Paper Responses (15%) — You are required to write a short critical response for each paper we read (excluding recommended papers). Responses are due at the beginning of class. You will also review and rate your peers' reviews after the class. Look for evidence that the reviewever thought carefully about the topic.
Paper Presentation (25%) — Working with a partner, choose one of the topics from the reading list, read both the required and recommended papers, and prepare a 50 minute presentation. 30 minutes of your presentation should discuss details of the required paper and and the other 20 minutes should present an overview of the recommended papers and general research in the area. This part of the class will be recorded and made available on Canvas. You will receive a Google Form after the first class that will let you choose a topic of preferance.
Research Project (50%) — You will conduct an extended research project during the semester, with the goal of writing a publishable workshop paper. This work should be done in a group of size appropriate to the scope of your investigation. Typical project topics involve analyzing the security of a system or developing a new security mechanism.
Ethics, Law, and University Policies
To defend a system, you need to be able to think like an attacker, and that includes understanding techniques that can be used to compromise security. However, using those techniques in the real world may violate the law or the university’s rules, and it may be unethical. Under some circumstances, even probing for weaknesses may result in severe penalties, up to and including expulsion, civil fines, and jail time. Our policy in EECS 588 is that you must respect the privacy and property rights of others at all times, or else you will fail the course.

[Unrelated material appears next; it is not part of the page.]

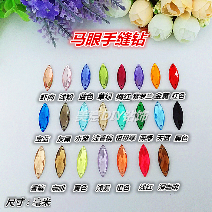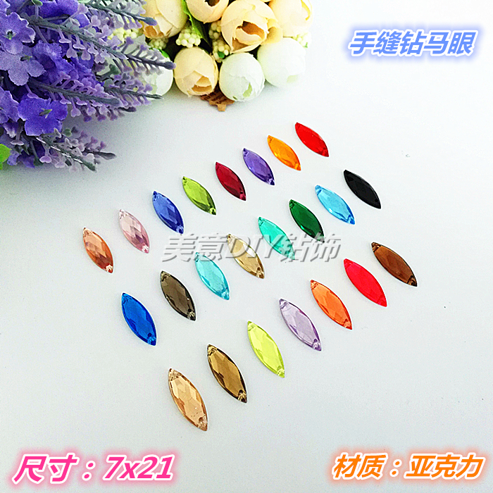 亚克力手缝钻彩钻7x21mm马眼手缝婚纱闪钻缝衣服水钻DIYT恤领口

Acting lawfully and ethically is your responsibility. Carefully read the Computer Fraud and Abuse Act (CFAA), a federal statute that broadly criminalizes computer intrusion. This is one of several laws that govern “hacking.” Understand what the law prohibits — you don’t want to end up like this guy. The EFF provides helpful advice on vulnerability reporting and other legal matters. If in doubt, we can refer you to an attorney.
Please review ITS’s policies on responsible use of technology resources and CAEN’s policy documents for guidelines concerning proper use of information technology at U-M, as well as the Engineering Honor Code. As members of the university, you are required to abide by these policies.
Students with Disabilities
If you believe you need an accommodation for a disability, please let thee instructor know at the earliest opportunity. Some aspects of courses may be modified to facilitate your participation and progress. As soon as you make an instructor aware of your needs, they can work with the Services for Students with Disabilities (SSD) office to help determine appropriate academic accommodations. Information you provide will be treated as private and confidential.
Course lectures will be audio/video recorded and made available to all students in this course. As part of your participation in this course, you may be recorded. If you do not wish to be recorded, please contact the instructor the first week of class to discuss alternative arrangements. To prevent revealing your identity on recordings, please mute your video during lecture. Also, questions can be submitted via Zoom chat if you do not wish to reveal your voice.
Students may not record or distribute any class activity without written permission from the instructor, except as necessary as part of approved accommodations for students with disabilities. Any approved recordings may only be used for the student’s own private use.